- Exercise -
In the material below, find the span from the line with "然后我们选择【API设定】点" to the line with "The motif of" and transcribe only those lines, exactly, ends included, without the pictures.

- Records -
----
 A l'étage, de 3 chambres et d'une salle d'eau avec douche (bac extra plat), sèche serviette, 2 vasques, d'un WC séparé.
----
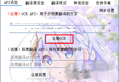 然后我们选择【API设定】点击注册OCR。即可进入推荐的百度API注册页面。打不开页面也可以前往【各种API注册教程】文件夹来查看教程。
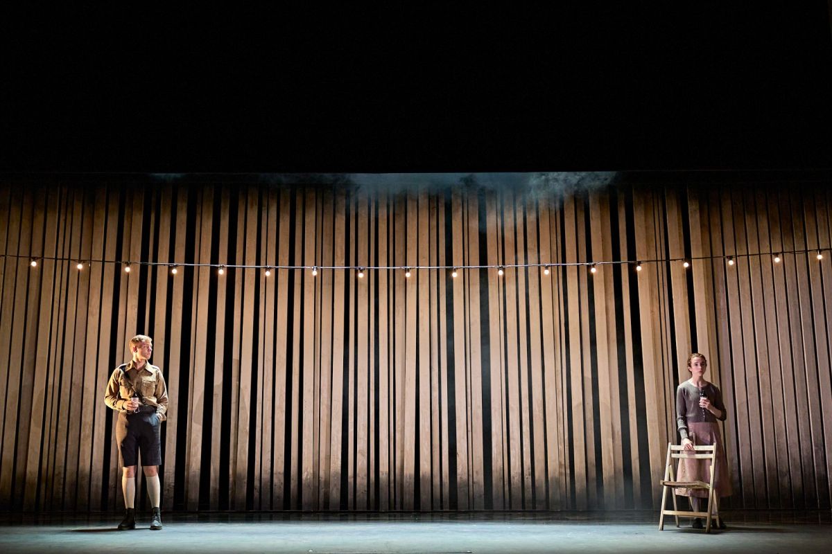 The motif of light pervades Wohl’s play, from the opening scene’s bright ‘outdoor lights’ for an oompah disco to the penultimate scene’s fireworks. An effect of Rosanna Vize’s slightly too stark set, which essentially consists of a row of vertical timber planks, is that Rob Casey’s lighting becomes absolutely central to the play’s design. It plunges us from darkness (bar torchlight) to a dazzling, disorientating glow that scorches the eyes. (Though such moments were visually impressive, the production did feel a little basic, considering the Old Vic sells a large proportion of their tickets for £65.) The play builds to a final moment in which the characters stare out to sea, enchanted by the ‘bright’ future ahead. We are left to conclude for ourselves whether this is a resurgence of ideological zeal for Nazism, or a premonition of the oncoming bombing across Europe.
----
- Answer area -
 然后我们选择【API设定】点击注册OCR。即可进入推荐的百度API注册页面。打不开页面也可以前往【各种API注册教程】文件夹来查看教程。
 The motif of light pervades Wohl’s play, from the opening scene’s bright ‘outdoor lights’ for an oompah disco to the penultimate scene’s fireworks. An effect of Rosanna Vize’s slightly too stark set, which essentially consists of a row of vertical timber planks, is that Rob Casey’s lighting becomes absolutely central to the play’s design. It plunges us from darkness (bar torchlight) to a dazzling, disorientating glow that scorches the eyes. (Though such moments were visually impressive, the production did feel a little basic, considering the Old Vic sells a large proportion of their tickets for £65.) The play builds to a final moment in which the characters stare out to sea, enchanted by the ‘bright’ future ahead. We are left to conclude for ourselves whether this is a resurgence of ideological zeal for Nazism, or a premonition of the oncoming bombing across Europe.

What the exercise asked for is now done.